Getting the Best Performance

NVIDIA Parabricks software performs at a high level when all the required computing resources are provided to it. It should meet all the Installation Requirements.

Refer to the Hardware Requirements section for minimum hardware requirements.

Refer to the Software Requirements section for minimum software requirements.

Basic Performance Tuning

The goal of the NVIDA Parabricks software is to get the highest performance for bioinformatics and genomic analysis. There are a few key, basic system options that you can tune to achieve maximum performance.

Use a Fast SSD

Parabricks software operates with two kinds of files:

Input/output files specified by the user
Temporary files created during execution and deleted at the end of the run

The best performance is achieved when both kinds of files are on a fast, local SSD. If this is not possible you can place the input/output files on a fast network storage device and the temporary files on a local SSD using the --tmp-dir option.

Note

Tests have shown that you can use up to 4 GPUs and still get good performance with the Lustre network for Input/Output files.
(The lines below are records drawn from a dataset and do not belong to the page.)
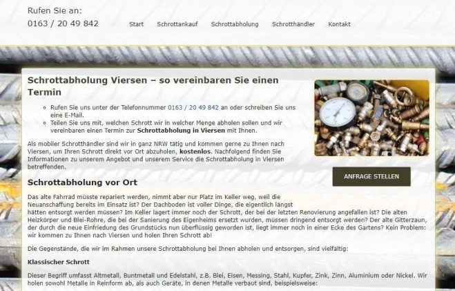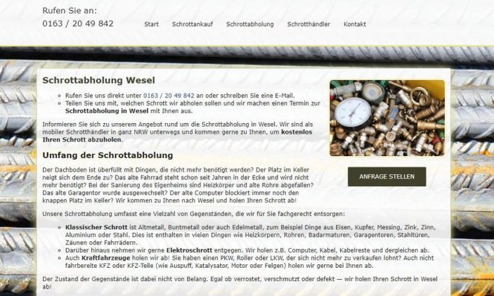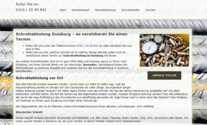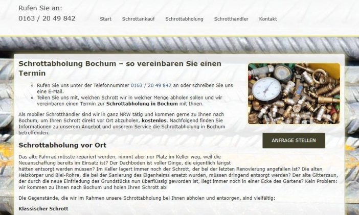 Wann immer Sanierungs- und Renovierungsarbeiten anstehen, fällt jede Menge Mischschrott an. Seien es alte Heizungsanlagen inklusive Tanks, Heizkörpern und Rohren, seien es diverse Bauteile und Gerätschaften: Sie alle werden vom Schrottabholung Dorsten für den Kunden kostenlos demontiert und abtransportiert. In einem gewissen Umfang werden außerdem Aufräum- und Abbrucharbeiten übernommen. Im Mittelpunkt des Handelns des Schrottankauf Dorsten steht eine […]
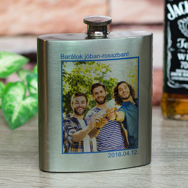 Ha egy ötletes és kreatív ajándékkal szeretné meglepni szeretteit, akkor ne keresgéljen tovább... ezzel az egyedi fényképes flaskával garantáltan mosolyt csalhat mindenki arcára. Legyen szó születésnapi-, névnapi- vagy karácsonyi ajándékról, ezzel az egyedi fényképes flaskával még szebbé teheti az ünnepet. A flaska rozsdamentes acélból készült, melynek űrtartalma 200ml. FIGYELEM! A fénykép alapszíne a flaska fémes alapszíne, így a fehér és világos árnyalatok ezt fogják visszaadni.
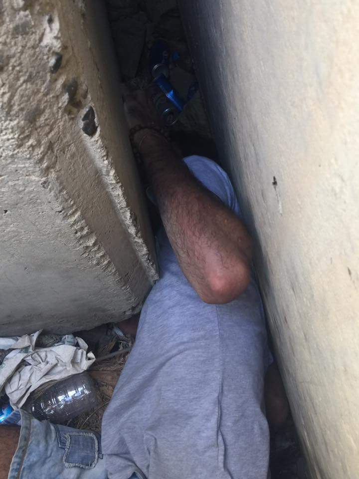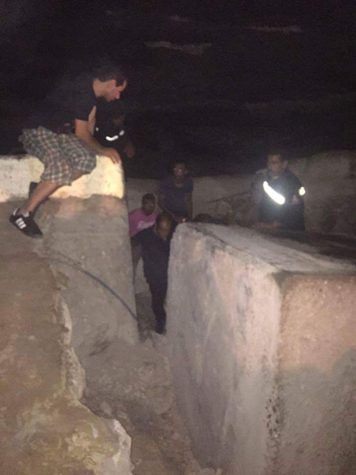 When that didn’t work, they tried to reach the puppy from underneath. But the rocks were too big and heavy to maneuver around.
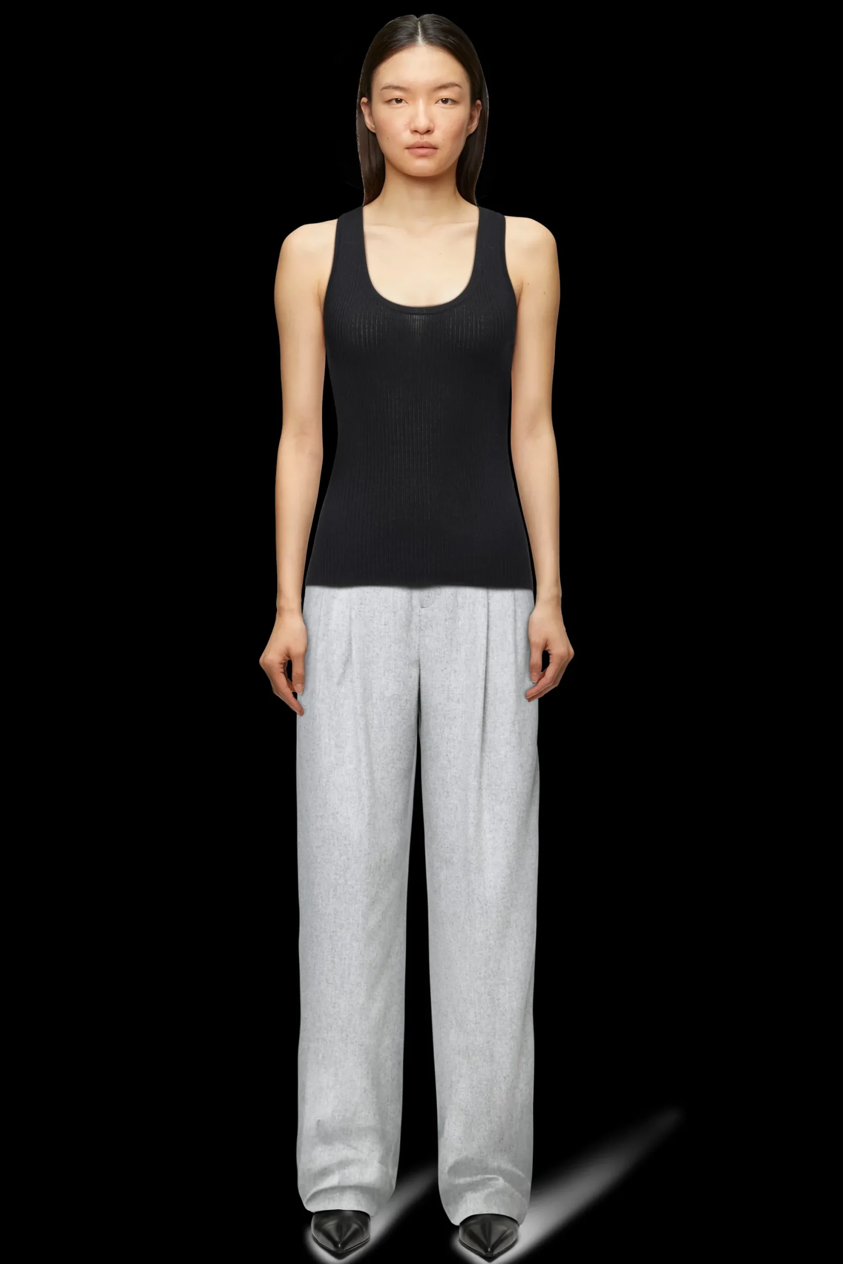 JIMA is een geribde gebreide tanktop met een aansluitende pasvorm en een vrouwelijke halslijn.
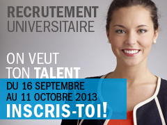 En vue d’attirer la relève dans la fonction publique, le gouvernement du Québec tient sa campagne annuelle de recrutement universitaire du 16 septembre au 11 octobre 2013. Celle-ci s’adresse principalement aux finissants qui…
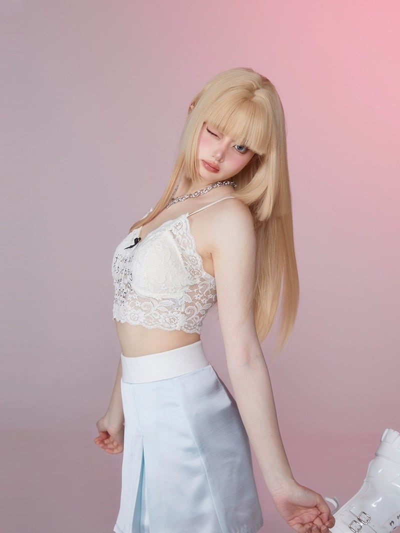 キャミソール 白 トップス インナー ブラ ブラウス ガーリー 白 ダンス Y2K
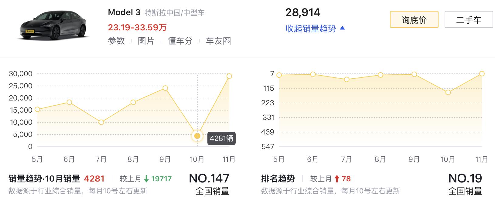 11月銷量變化比較大的,就是特斯拉Model 3了,在經過一個月的集中交付之后,也從10月份的4281輛,飆升到了28914輛,翻了約7倍,排名也順勢來到了第5名。按照慣例,預計12月份,Model 3的交付量會有一定的下滑。
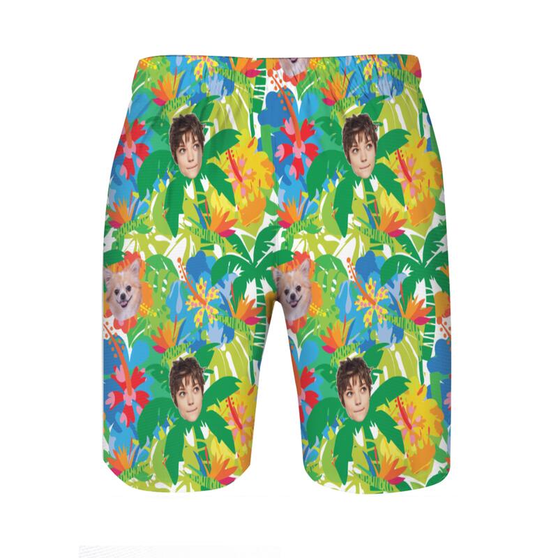 Personalized Picture Men's Beach Shorts with Coconut Tree Pattern Colorful Gift for Family

If you plan to use more than 4 GPUs, we highly recommend using local SSDs for all kinds of files.

DGX Users

The DGX comes with a SSD, usually mounted on /raid. Use this disk, and use a directory on this disk as the --tmp-dir. For initial testing, you can even copy the input files to this disk to eliminate variability in performance.
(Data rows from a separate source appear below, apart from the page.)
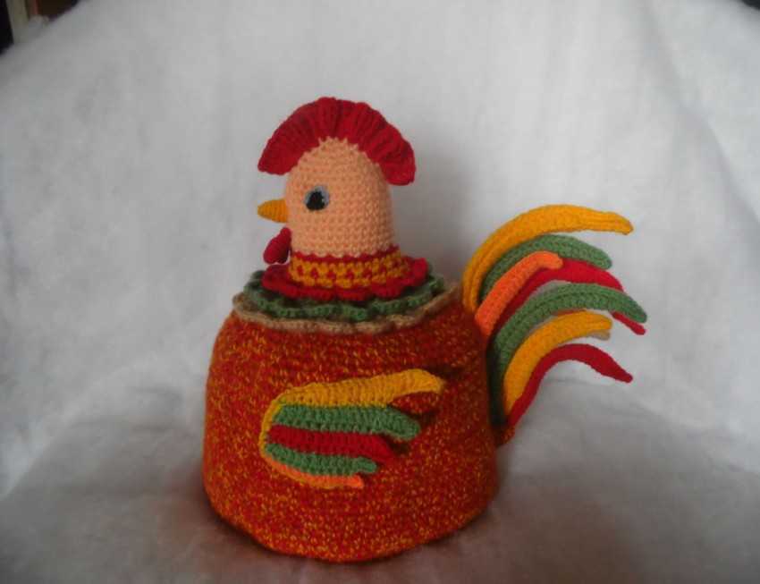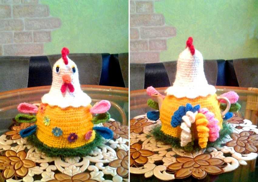 Получившиеся пышные цветы пришить на верхушку грелки для чайника, а нижний край грелки провязать рюшами. Грелка готова!Грелка-курочка в платье. Довольно часто грелки для чайников делают в форме животных, и лидируют почему-то, именно курицы и петухи. Что ж, связать такую красоту не так уж сложно, особенно, если есть описание и фото процесса. Для работы потребуется:
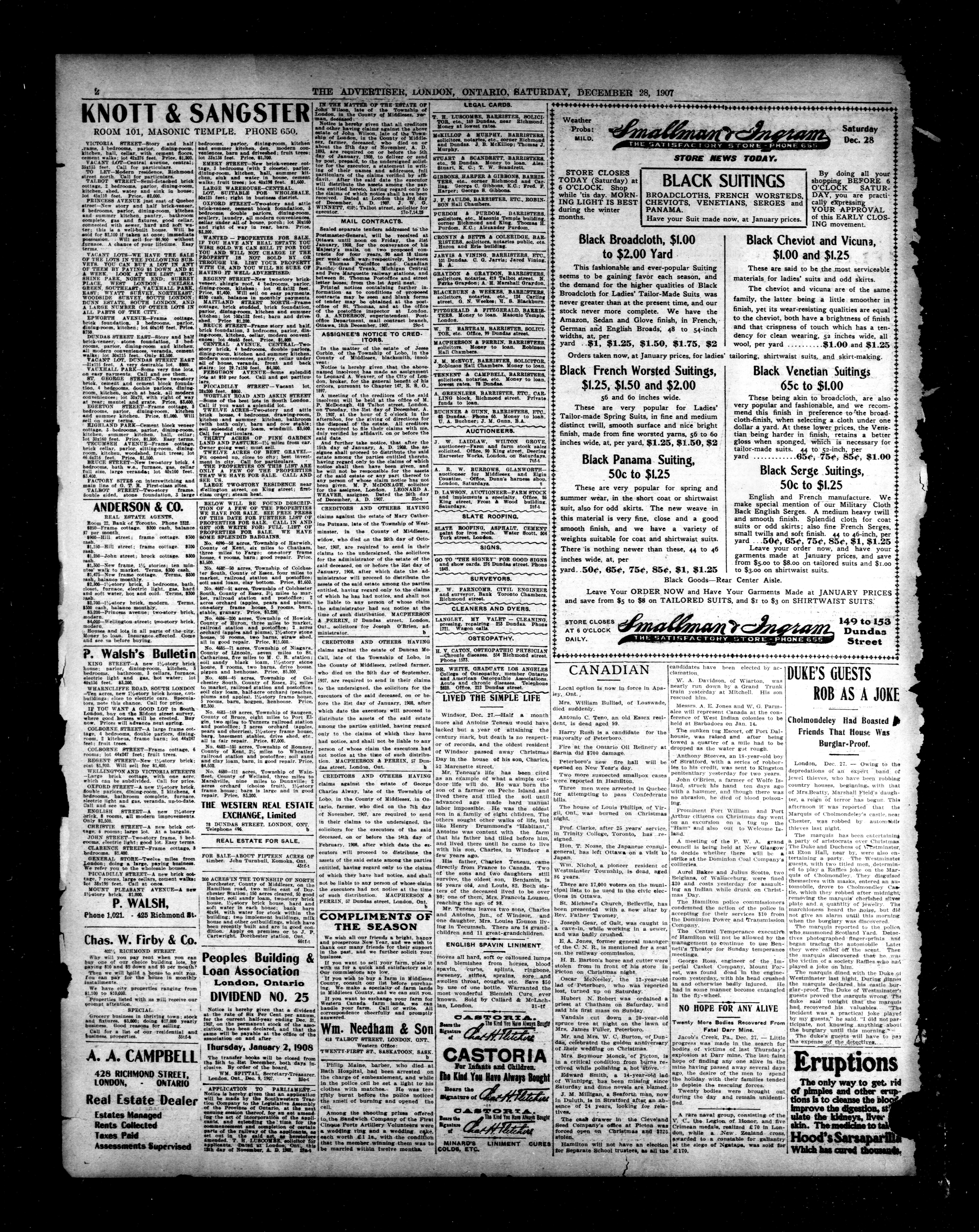 London advertiser. : London Advertiser : 44th Year, No. 19235 (December 28, 1907)
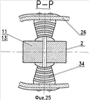 Также при специальных требованиях к конструкции винта его торсионы 2 могут быть соединены с валом 1 на карданном подвесе или на общем горизонтальном шарнире для двух лопастей. На фиг 19…21 представлен винт, у которого каждая пара из четырех торсионов 2 выполнена как единое целое, а все торсионы соединены с валом 1 через пальцы 21 и 22 кардана, карданное кольцо 23, корпус 24 втулки. На фиг.22…26 показана конструкция двухлопастного винта на общем горизонтальном шарнире, где два торсиона 2, выполненные как единое целое, непосредственно соединены с валом 1 винта через палец 25 шарнира. Типы всех вышеуказанных шарниров могут быть разными (эластомерные, сухого трения, механические или другие) и выбираются под конкретные технические требования.
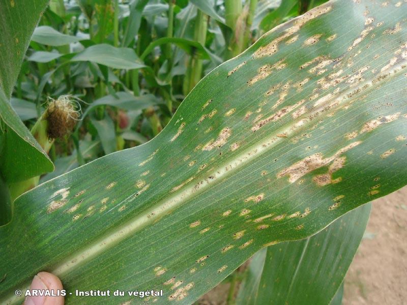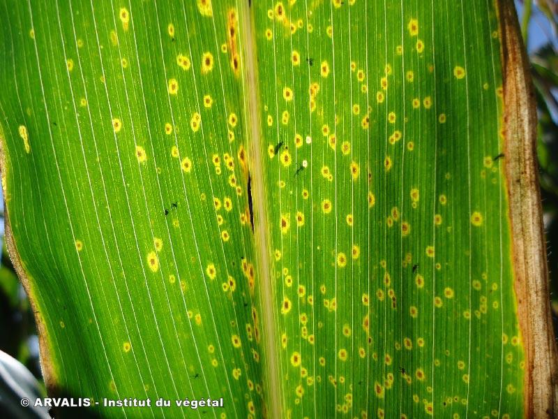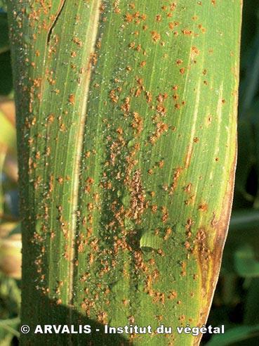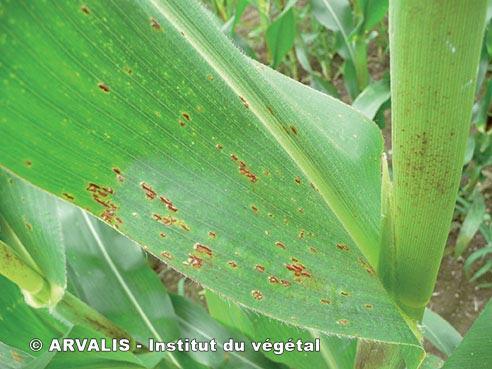 Les pustules brun orangé dispersées sur les feuilles médianes sont caractéristiques. Elles évoluent vers une coloration marron foncée à noire lors de la maturation du maïs.
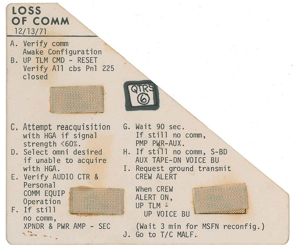 Triangular double-sided cue card used during Apollo 16 training, 5.5 x 4.75, dated December 13, 1971. Labeled on each side in black felt tip, “Qtrs 6,” the card bears headings for “Loss of Comm” and “AC Pwr.” Small swatches of Velcro affixed to both sides. In fine condition.

In certain cases, Transparent HugePage Support (THP) has been found to increase performance. Consider enabling THP and testing performance on benchmark cases.

Specifying which GPUs to use

You can choose the number of GPUs to run using the command line option --num-gpus N for those tools that use GPUs. With this option only the first N GPUs listed in the output of nvidia-smi will be used.

To use specific GPUs set the environment variable NVIDIA_VISIBLE_DEVICES. GPUs are numbered starting with zero. For example, this command will use only the second (GPU #1) and fourth (GPU #3) GPUs:

Copy
Copied!

            
            $ NVIDIA_VISIBLE_DEVICES="1,3" pbrun fq2bam --num-gpus 2 --ref Ref.fa --in-fq S1_1.fastq.gz --in-fq S1_2.fastq.gz

Tool-Specific Performance Guidelines

This section details guidelines specific to individual tools.

Best Performance for Germline Pipeline

Germline Pipeline uses tools fq2bam and haplotypecaller. For more information, refer to sections Best Performance for fq2bam and Best Performance for Haplotypecaller for parameter choices. We recommend using the following command for best performance.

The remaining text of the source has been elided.